*What you should do*:
Without any pictures, print the lines below from the one that has "2.320 กรัม ดีไซน์ทันสมัย" through the one that has "胡散臭い通販商品みたいなあだ名 | 『信頼と実績のサプリメント…その名も「まっみ」』 |", exactly and nothing else.

*Supplied data*:

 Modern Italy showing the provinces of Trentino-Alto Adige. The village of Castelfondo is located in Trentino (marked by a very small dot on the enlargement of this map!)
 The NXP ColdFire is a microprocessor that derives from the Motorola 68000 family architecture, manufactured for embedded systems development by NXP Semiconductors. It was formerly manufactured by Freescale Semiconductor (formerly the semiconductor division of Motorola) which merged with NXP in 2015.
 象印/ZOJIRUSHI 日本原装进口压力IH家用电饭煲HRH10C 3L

---

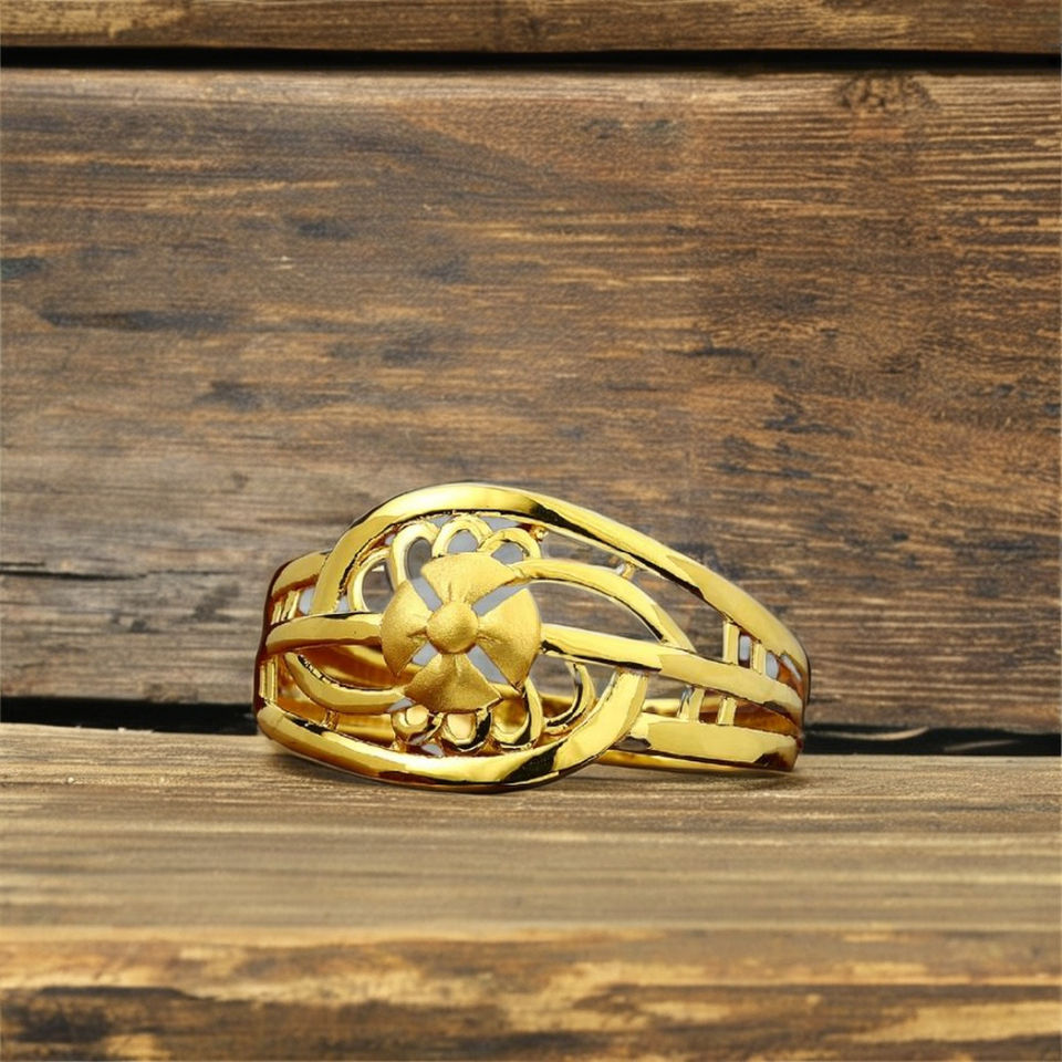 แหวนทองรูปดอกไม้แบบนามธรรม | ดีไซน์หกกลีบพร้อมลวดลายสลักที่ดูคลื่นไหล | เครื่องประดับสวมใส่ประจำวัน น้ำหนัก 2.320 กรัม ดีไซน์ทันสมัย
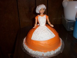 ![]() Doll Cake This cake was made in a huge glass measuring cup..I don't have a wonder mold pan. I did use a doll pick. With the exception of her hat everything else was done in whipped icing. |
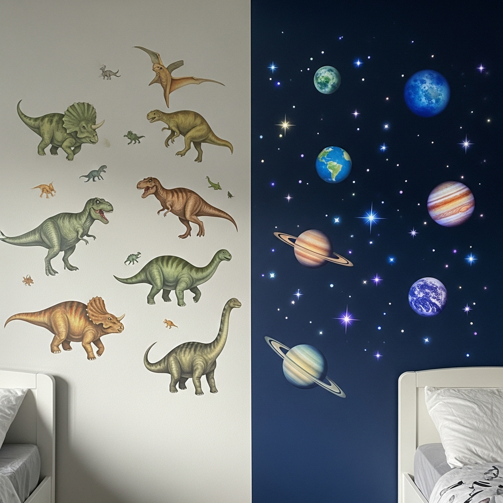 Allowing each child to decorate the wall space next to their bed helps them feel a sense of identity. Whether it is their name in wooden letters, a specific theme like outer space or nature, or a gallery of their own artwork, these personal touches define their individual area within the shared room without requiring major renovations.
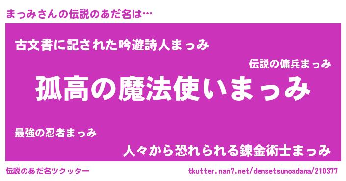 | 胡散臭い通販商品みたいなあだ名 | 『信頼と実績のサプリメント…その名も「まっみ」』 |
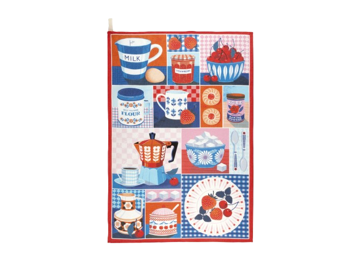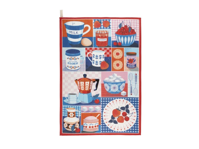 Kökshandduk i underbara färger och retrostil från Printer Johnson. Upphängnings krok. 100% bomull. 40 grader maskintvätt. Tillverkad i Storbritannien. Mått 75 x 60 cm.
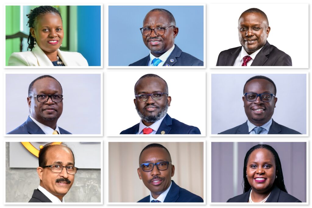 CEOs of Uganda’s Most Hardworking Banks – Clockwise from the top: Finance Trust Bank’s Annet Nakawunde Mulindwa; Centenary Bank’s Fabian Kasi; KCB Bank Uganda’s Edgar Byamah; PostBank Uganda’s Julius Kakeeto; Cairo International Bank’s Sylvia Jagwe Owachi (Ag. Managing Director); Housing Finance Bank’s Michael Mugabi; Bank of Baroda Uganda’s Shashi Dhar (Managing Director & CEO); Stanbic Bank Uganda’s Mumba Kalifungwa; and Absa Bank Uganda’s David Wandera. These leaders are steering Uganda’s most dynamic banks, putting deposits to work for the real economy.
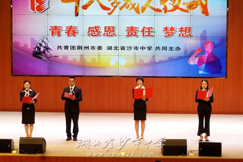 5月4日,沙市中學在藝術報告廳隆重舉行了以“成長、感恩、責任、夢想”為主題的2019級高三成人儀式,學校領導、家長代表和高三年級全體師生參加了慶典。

*Solution to this exercise*:
 แหวนทองรูปดอกไม้แบบนามธรรม | ดีไซน์หกกลีบพร้อมลวดลายสลักที่ดูคลื่นไหล | เครื่องประดับสวมใส่ประจำวัน น้ำหนัก 2.320 กรัม ดีไซน์ทันสมัย
 ![]() Doll Cake This cake was made in a huge glass measuring cup..I don't have a wonder mold pan. I did use a doll pick. With the exception of her hat everything else was done in whipped icing. |
 Allowing each child to decorate the wall space next to their bed helps them feel a sense of identity. Whether it is their name in wooden letters, a specific theme like outer space or nature, or a gallery of their own artwork, these personal touches define their individual area within the shared room without requiring major renovations.
 | 胡散臭い通販商品みたいなあだ名 | 『信頼と実績のサプリメント…その名も「まっみ」』 |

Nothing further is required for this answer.